The correlation and nomograms of key member in DEGs

According to TCGA data, we compared the co-expression of DEGs in normal tissues and tumor tissues, and further compared the correlation of DEGs in lung tumor sample. Based on optimal λ value, we performed the Lasso regression to construct a predictive module and ensure that the multifactor model was not overfitting. Then, the receiver operating characteristic curves (ROC) were utilized to assess the discrimination and accuracy of the model.

Survival analysis

The Kaplan–Meier plotter database (http://kmplot.com), an online database capable of assessing the 54,675 genes on survival in 21 cancer types, was used to evaluate the prognostic roles of significant DEGs identified in this study. The database simultaneously integrates gene expression and clinical data downloaded from GEO and TCGA, which calculate the hazard ratio with 95% CIs and log-rank p-value by a Kaplan–Meier survival plot. Log-rank p-value <0.05 was considered as statistically significant. What’s more, the expression, survival and ROC analysis of COL1A1 was assessed in lung carcinoma cohort from the TCGA database. In addition, multiple databases including the Gene Expression Omnibus (GEO) (ID: GSE3141, ID: GSE31210) were used for survival analysis to validate the survival value of COL1A1.
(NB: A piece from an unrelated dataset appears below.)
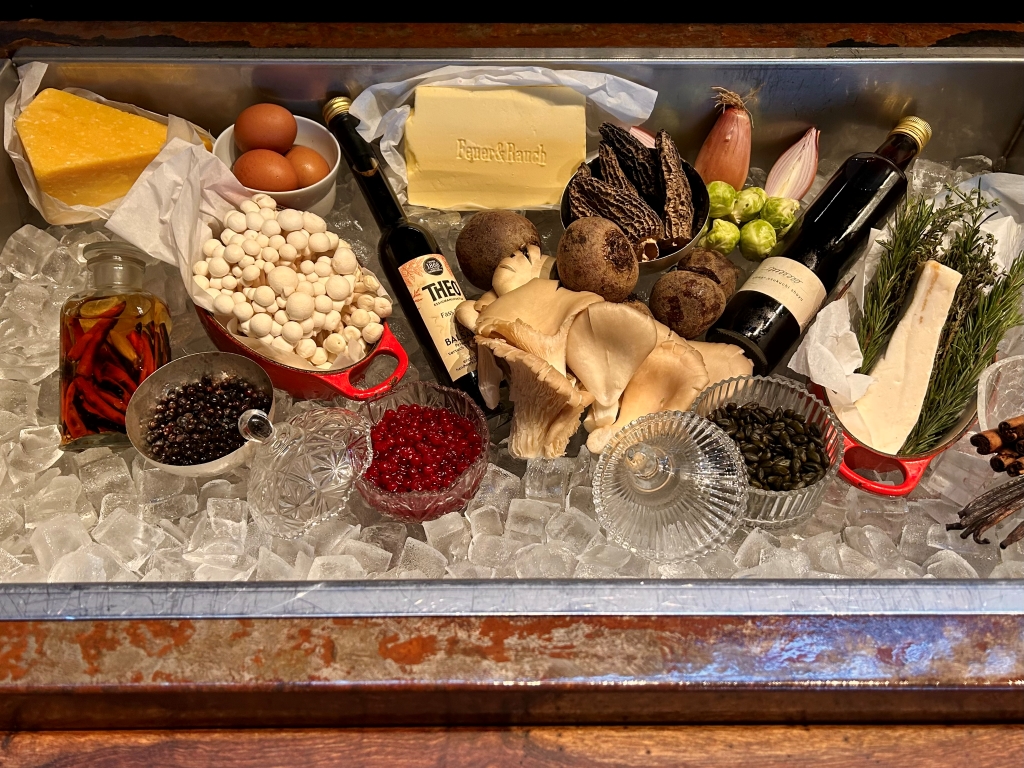 Schaubar: eingelegte Chili, geräucherter Wacholder, roter Pfeffer, geräucherte Pistazien, Lardo, Thymian, Zimt, Vanille, Sojasauce, Rote Beete, Rosenkohl, Morchel, Buchenpilze, Butter, Eier, gereifter Gouda, Balsamico.

Immunity correlation analysis

TIMER (Li et al., 2017), a comprehensive resource for systematical analysis of immune infiltrates across diverse cancer types, was used to assess the correlations of COL1A1 expression with immune infiltration levels in LUAD and LUSC. The coexpression analysis of COL1A1 and B7 family member (including CD274, CD80, CD86, CD276, CD273, CD275, B7-H4, B7-H5, CD28, B7-H7, CD152, CD279, CD278, TLT-2 and NKp30) was assessed in normal lung cohort and lung carcinoma cohort from the TCGA database. Then, the correlation between COL1A1, B7-H4 and CD276 was further analyzed in lung carcinoma cohort. The Gene Expression Profiling Interactive Analysis (GEPIA; http://gepia.cancer-pku.cn/detail.php) (Tang et al., 2017), a newly developed database that integrated The Cancer Genome Atlas (TCGA) and the Genotype-Tissue Expression project, can provide reliable correlation between genes. TIMER was applied to plot the expression scatterplots between a pair of genes in a given cancer type, together with the Spearman correlation and estimated statistical significance.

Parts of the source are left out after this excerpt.